━━━━━ Task data ━━━━━

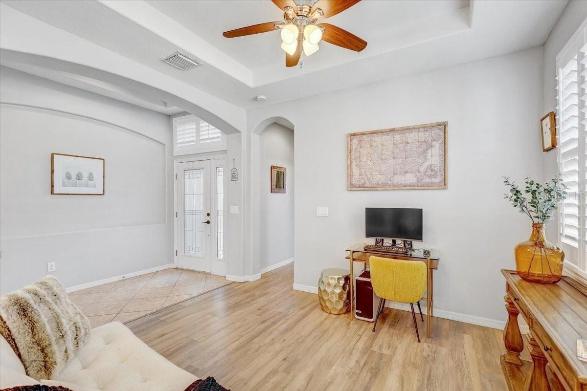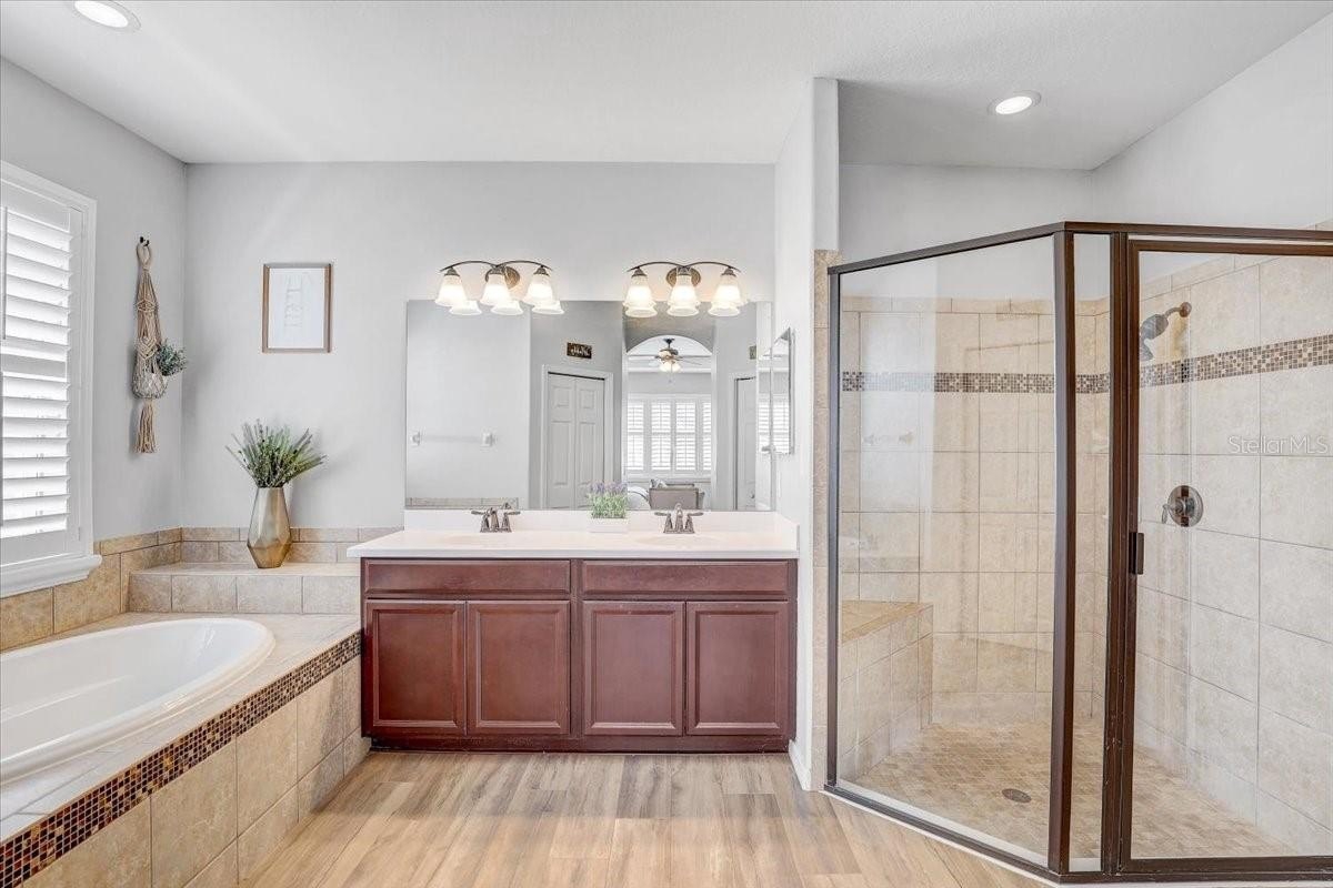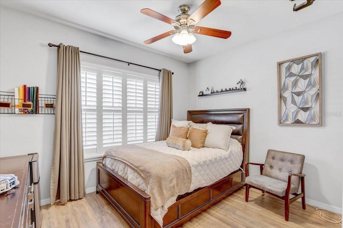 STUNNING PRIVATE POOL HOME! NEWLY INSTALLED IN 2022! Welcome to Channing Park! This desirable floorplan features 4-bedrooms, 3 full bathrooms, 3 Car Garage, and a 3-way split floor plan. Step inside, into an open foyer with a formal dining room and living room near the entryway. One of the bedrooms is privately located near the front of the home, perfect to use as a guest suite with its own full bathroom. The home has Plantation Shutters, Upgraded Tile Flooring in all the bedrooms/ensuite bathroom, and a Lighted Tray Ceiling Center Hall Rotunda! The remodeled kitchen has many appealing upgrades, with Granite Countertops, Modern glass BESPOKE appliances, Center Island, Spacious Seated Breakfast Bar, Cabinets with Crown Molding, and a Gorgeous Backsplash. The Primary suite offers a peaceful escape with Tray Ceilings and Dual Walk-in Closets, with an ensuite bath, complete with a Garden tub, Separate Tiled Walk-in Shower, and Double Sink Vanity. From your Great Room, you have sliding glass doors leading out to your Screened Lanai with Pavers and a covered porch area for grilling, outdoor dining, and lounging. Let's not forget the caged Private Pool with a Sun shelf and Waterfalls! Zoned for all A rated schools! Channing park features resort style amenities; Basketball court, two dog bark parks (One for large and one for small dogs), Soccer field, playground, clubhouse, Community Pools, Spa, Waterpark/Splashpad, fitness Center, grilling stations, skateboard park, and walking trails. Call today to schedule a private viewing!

━━━━━
━━━━━ Task data ━━━━━

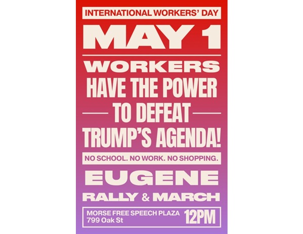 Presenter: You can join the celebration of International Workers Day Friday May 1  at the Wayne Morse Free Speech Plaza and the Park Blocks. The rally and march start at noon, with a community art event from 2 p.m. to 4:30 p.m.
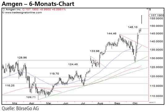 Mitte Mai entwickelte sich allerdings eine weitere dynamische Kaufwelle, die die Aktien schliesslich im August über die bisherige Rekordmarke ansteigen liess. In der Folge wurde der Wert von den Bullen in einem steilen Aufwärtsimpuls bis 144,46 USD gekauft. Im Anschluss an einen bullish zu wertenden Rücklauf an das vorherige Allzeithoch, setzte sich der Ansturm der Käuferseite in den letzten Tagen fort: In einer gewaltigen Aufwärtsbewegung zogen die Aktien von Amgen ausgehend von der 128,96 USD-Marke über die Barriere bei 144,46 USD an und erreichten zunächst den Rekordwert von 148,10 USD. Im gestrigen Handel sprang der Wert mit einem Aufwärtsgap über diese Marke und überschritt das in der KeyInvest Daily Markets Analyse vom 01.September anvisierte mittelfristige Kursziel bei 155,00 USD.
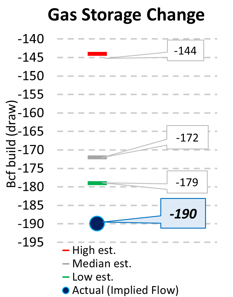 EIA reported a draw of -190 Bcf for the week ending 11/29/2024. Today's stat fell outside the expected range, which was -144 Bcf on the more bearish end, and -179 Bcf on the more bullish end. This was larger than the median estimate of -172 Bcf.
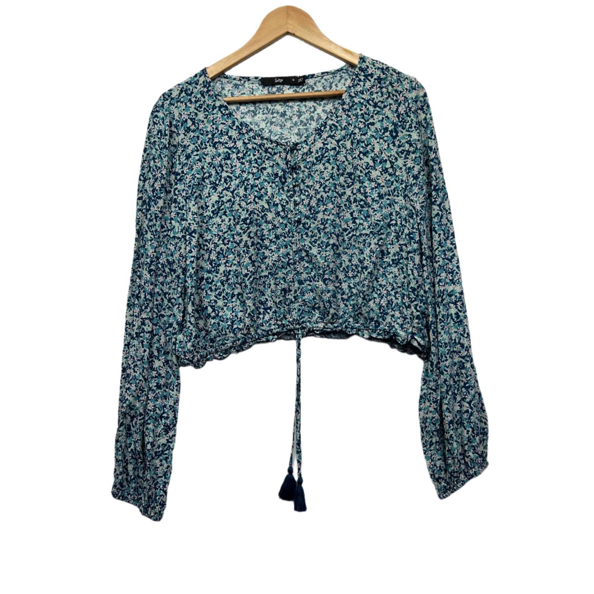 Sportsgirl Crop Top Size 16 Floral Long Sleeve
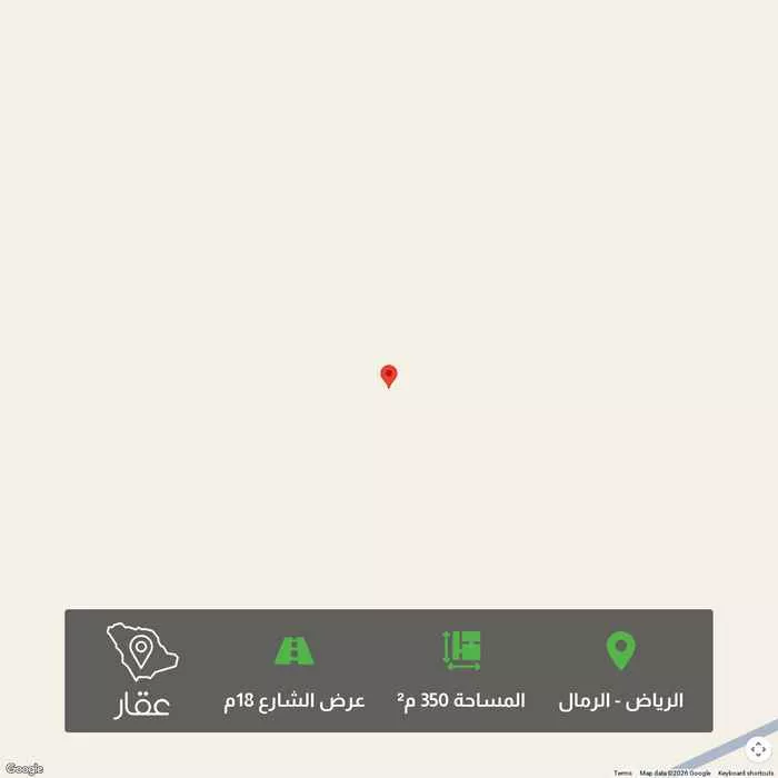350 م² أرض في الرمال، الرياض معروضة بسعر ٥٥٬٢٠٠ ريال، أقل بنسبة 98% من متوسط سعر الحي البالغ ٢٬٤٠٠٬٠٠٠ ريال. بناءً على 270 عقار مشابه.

━━━━━
━━━━━ Task data ━━━━━

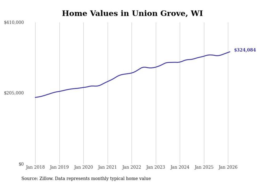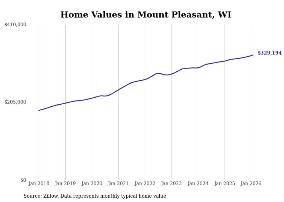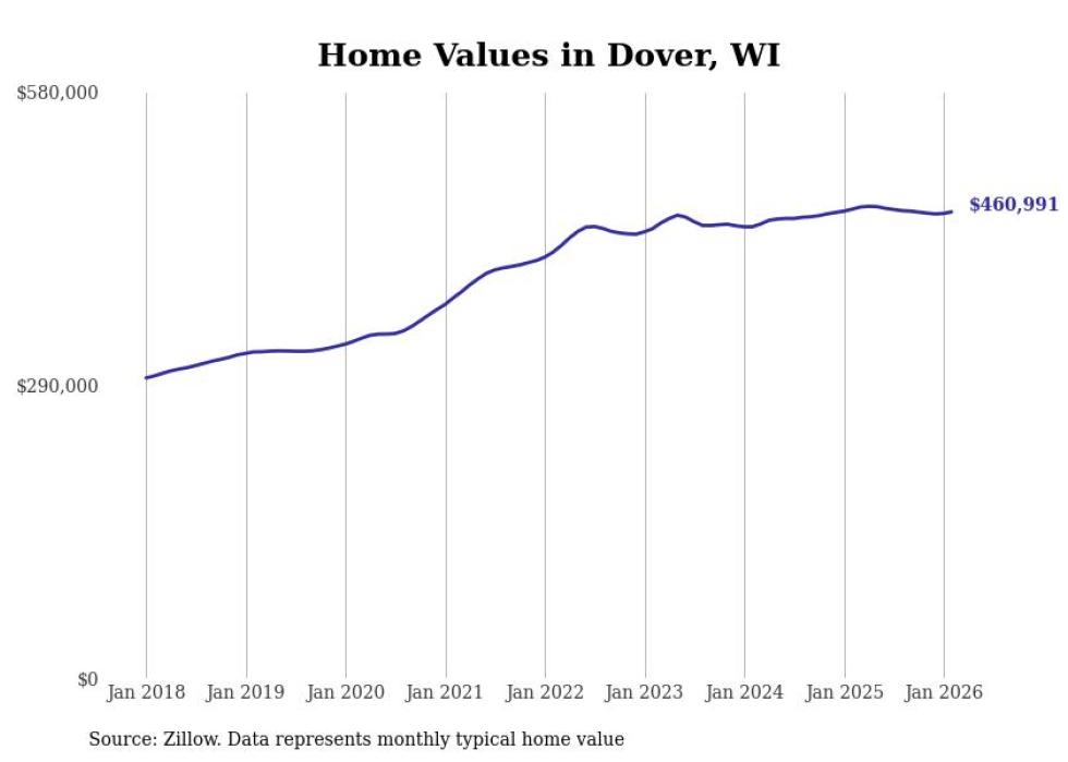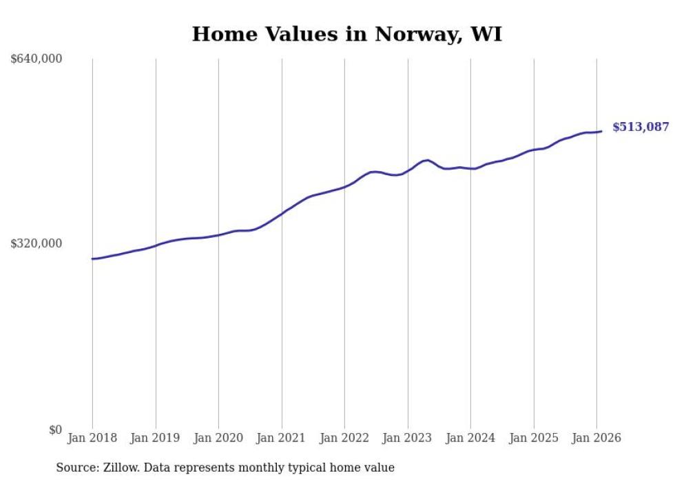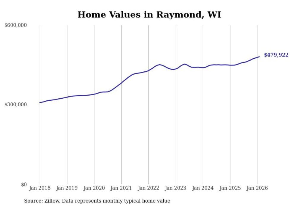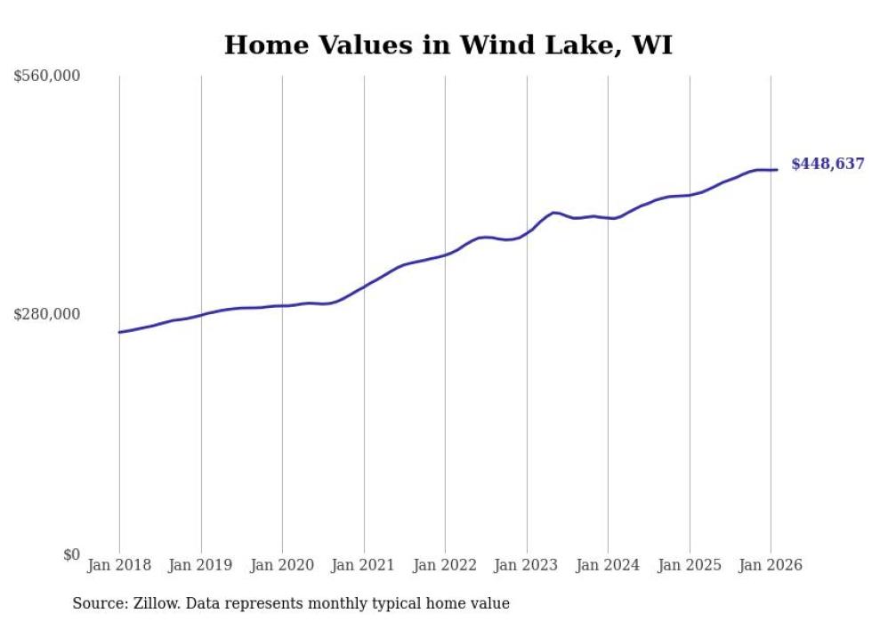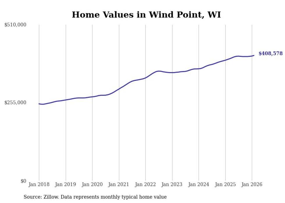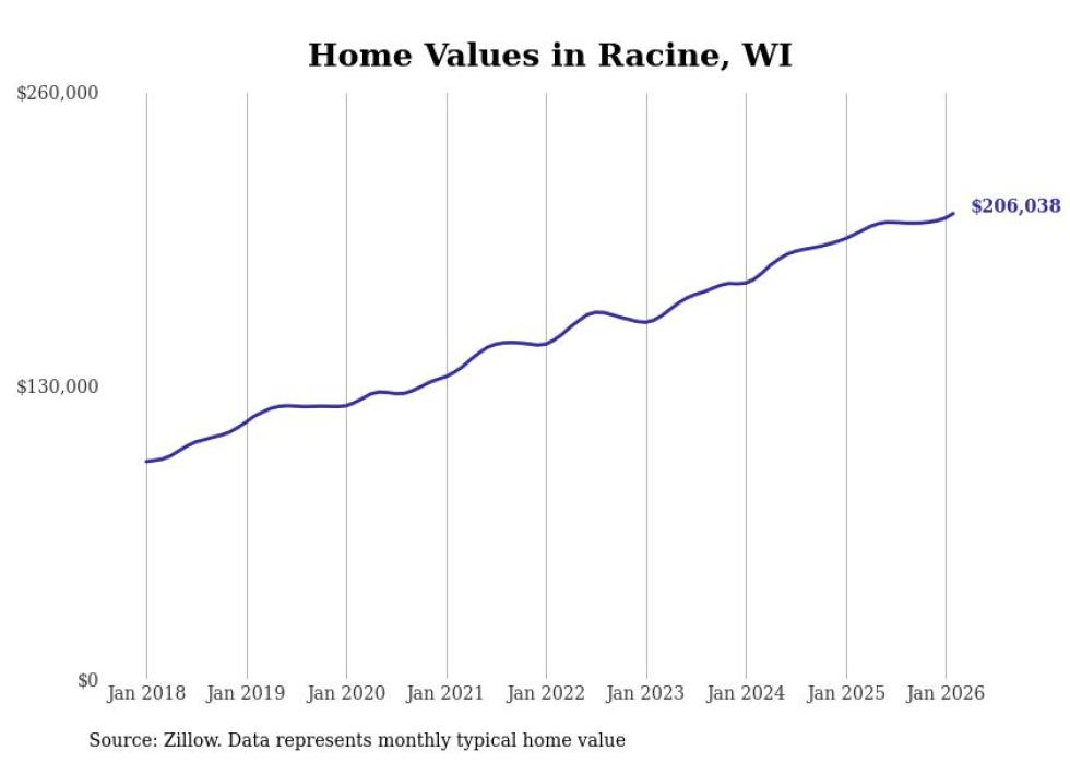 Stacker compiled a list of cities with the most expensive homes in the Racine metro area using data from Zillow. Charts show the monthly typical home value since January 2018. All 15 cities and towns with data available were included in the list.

━━━━━

Beginning at the line that has "Mitte Mai entwickelte" and ending at the line that has "350 م² أرض في", restate the listing above word for word, pictures left out.

Solution to this task »
 Mitte Mai entwickelte sich allerdings eine weitere dynamische Kaufwelle, die die Aktien schliesslich im August über die bisherige Rekordmarke ansteigen liess. In der Folge wurde der Wert von den Bullen in einem steilen Aufwärtsimpuls bis 144,46 USD gekauft. Im Anschluss an einen bullish zu wertenden Rücklauf an das vorherige Allzeithoch, setzte sich der Ansturm der Käuferseite in den letzten Tagen fort: In einer gewaltigen Aufwärtsbewegung zogen die Aktien von Amgen ausgehend von der 128,96 USD-Marke über die Barriere bei 144,46 USD an und erreichten zunächst den Rekordwert von 148,10 USD. Im gestrigen Handel sprang der Wert mit einem Aufwärtsgap über diese Marke und überschritt das in der KeyInvest Daily Markets Analyse vom 01.September anvisierte mittelfristige Kursziel bei 155,00 USD.
 EIA reported a draw of -190 Bcf for the week ending 11/29/2024. Today's stat fell outside the expected range, which was -144 Bcf on the more bearish end, and -179 Bcf on the more bullish end. This was larger than the median estimate of -172 Bcf.
 Sportsgirl Crop Top Size 16 Floral Long Sleeve
350 م² أرض في الرمال، الرياض معروضة بسعر ٥٥٬٢٠٠ ريال، أقل بنسبة 98% من متوسط سعر الحي البالغ ٢٬٤٠٠٬٠٠٠ ريال. بناءً على 270 عقار مشابه.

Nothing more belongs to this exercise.